1994-01-22 – Detroit Free Press
‘The Who’s Tommy’ a Wonderful Noise
Rock opera is loud but it sounds great and looks good, too
Free Press Theater Critic
Think of a 7-foot, 400-pound jockey. Making it bigger does not automatically make it better. But it sure might be lively to watch, just like the gargantuan “opera” they’ve made out of Pete Townshend and the Who’s noisy little 1969 album, “Tommy.”
A major sound and light show, “The Who’s Tommy” is splattered all over the stage of the Masonic Temple Theatre where the Metropolitan Opera played in days of yore. The handsome Masonic is appropriately huge enough for the new “Tommy’s” flaming pinball machines, rockets, British paratroopers and the sonic shock waves out of the orchestra pit.
All comes to those who wait — if they have been waiting 25 years to see the superstar band of the ’60s “British invasion” swell up and go Broadway. Like all the so-called pop “operas,” “Tommy” is less than it might be because it has no dialogue. It’s not just “Tommy,” but a routine omission these days, which always makes one suspect the authors were not gifted enough to write any dialogue.

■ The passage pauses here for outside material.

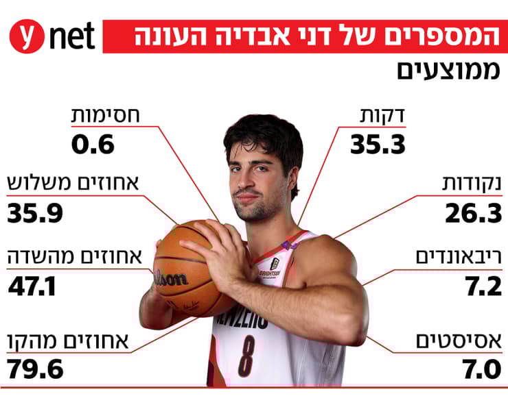 דני אבדיה סיפק הבוקר (חמישי) עוד הופעה ענקית - הפעם עם שיא עונתי של 41 נקודות ב-102:103 המטורף של פורטלנד על יוסטון, הניצחון הרביעי ברציפות של הטרייל בלייזרס והשישי בשבעת המשחקים האחרונים. מדובר בשיא נקודות של אבדיה במדי פורטלנד, כשאת שיא הקריירה, 43 נקודות, הוא קבע במדי וושינגטון בפברואר 2024.
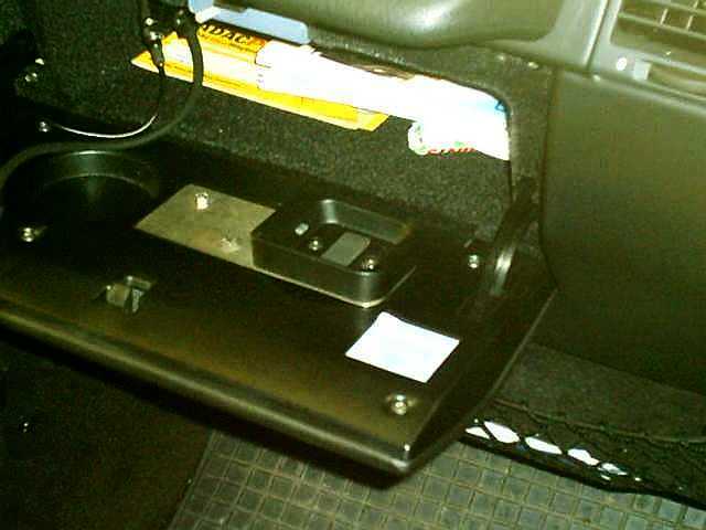 mittels einer kleinen selbstgebauten Blechplatte befestigt. Benötigt wurde die Peiker-Handy-Aufnahme

But for those who do not care about old-hat items like character, subtlety or vocal clarity, “Tommy” onstage is rockdom’s own electric wonderland. Pumped up to fabulistic dimensions is the album originally scored for the lads’ one guitar, bass, drums and beautiful Roger Daltry’s vocals.
Metal 40-foot girders of lights tower beside and in back of the story of the British boy who is traumatized at age 4 and then finds his niche as an amusement arcade phenomenon. Technically, “Tommy” is gorgeous. Giant slides on the backdrop flash entire neighborhoods of apartment blocks, World War II bombers soar across the scrim, and television monitors light up in video arcs across the proscenium.

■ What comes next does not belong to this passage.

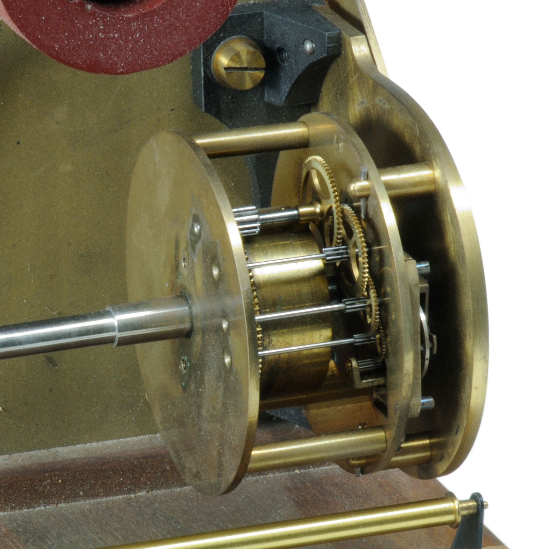 Das Messwerk ist in einem Holzgehäuse eingebaut, deren vorderer Teil inklusive Sichtglas abgenommen werden kann. Das Messwerk selbst besteht aus einem kräftigen Drehspulmeßwerk, das in einem großen, U-förmigen Magneten fixiert ist. Der Zeiger, aus Aluminium gefertigt, wird oben in die Messing-Hülse, die direkt am Messwerk sitzt, eingesteckt. Die kleine Messing-Hülse am Zeiger dient zur Ausrichtung des Nullpunkts. Die Farbe wird in einem kleinen Schreibkopf, der drehbar am unteren Ende des Zeigers befestigt ist, eingefüllt. Die Tinte wird über eine dünne Rille außen auf das Papier übertragen. Der Schreiber besitzt einen Uhrwerk-Antrieb, der die große Schreiber-Trommel dreht. Der Mechanismus wird über den Hebel rechts aufgezogen. |

And the band plays on, pumping out fusillades of synthesizers, guitars, percussion and the deep halloo of a French horn. The meat of “Tommy” is simply an audience’s getting a lot of bang for the buck. The music as ever is stirring, in the gut-felt way that roller coasters are stirring. I find it, however, all of the moment. Newcomers to “Tommy,” who did not grow up memorizing the bravado of then-24-year-old composer-lyricist Pete Townshend, may find its songs the Chinese food of most pop operas.
The production, no argument, is staged with amazing imagination and verve by Des McAnuff. McAnuff took an album and made a stage behemoth out of it, just as Hal Prince did with Andrew Lloyd Webber’s robotic “Evita.” The large cast of 30, led by Steve Isaacs as the adult Tommy, hurtles dramatically through the welter of neon and all-around fortissimo. The choreography, by Wayne Cilento, is perhaps the best part of the show. The dances are sometimes surreal, like the story. You recognize the 1940s jitterbuggers, for instance, but they’re doing it herky-jerky to a rock rhythm, like Glenn Miller on bennies.

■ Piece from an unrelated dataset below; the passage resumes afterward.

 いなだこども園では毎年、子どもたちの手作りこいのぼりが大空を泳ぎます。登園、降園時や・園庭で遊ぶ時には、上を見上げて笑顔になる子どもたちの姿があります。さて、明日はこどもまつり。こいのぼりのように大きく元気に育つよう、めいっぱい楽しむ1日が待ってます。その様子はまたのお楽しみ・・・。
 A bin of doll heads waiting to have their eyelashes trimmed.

The costumes are cunning, as loud visually as the amplifiers are aurally. Tommy is dressed all in white, the symbol of light amid post-war Britain. Around him is a pinball-machine color scheme: surgeons in cherry red operating gowns, nurses in bright mustard smocks, groupies in red and yellow (and ’60s blonde Sassoon flips) and thuggy security guards in Mussolini gray.
Textually, “Tommy” at this late date comes on like an early Andrew Lloyd Webber Jesus parable. Interpret the lyrics right and you get electric hero as rock star as messiah.
To the hubbub and thrashing of Townshend’s pumped-up musical scenario, the exotic, only child finds his voice, becomes the hero of the masses, is villified . . . and finally sings out “I climb the mountain . . . I see the millions . . . I see the glory.”
Only now, the millions see “Tommy.” Little Tommy, playing deaf, dumb and blind after seeing his father shoot down his mother’s lover, finds stardom through electricity — the pinball machine. The adoring publics chant the famous lyric: “he sure plays a mean pinball.” Translate pinball as guitar, and there you are.
And there “Tommy” is at the Masonic Temple. It is full of sound and furious energy. What it signifies depends on old memories of Townshend, Daltry, John Entwistle and Keith Moon. But, after opening night was canceled due to subarctic temperatures, there is this furnace to raise Who lovers’ body heat.
REVIEW
ON STAGE: “The Who’s Tommy,” a musical drama with music and lyrics by Pete Townshend and book by Townshend and Des McAnuff, will play through Feb. 6 at Masonic Temple Theatre, 500 Temple. Performances: Tue.-Fri. at 8 p.m., Sat. at 2 & 8 p.m., Sun. at 2 & 7:30 p.m. Performance lasts: 2 hrs, 10 mins. Tickets: $25-$47.50. Call 832-2232 anytime.
Steve Isaacs, center in white shirt, plays the adult Tommy and is one of the 30 cast members who help make “The Who’s Tommy” an enjoyable experience. The show is playing at the Masonic Temple Theatre.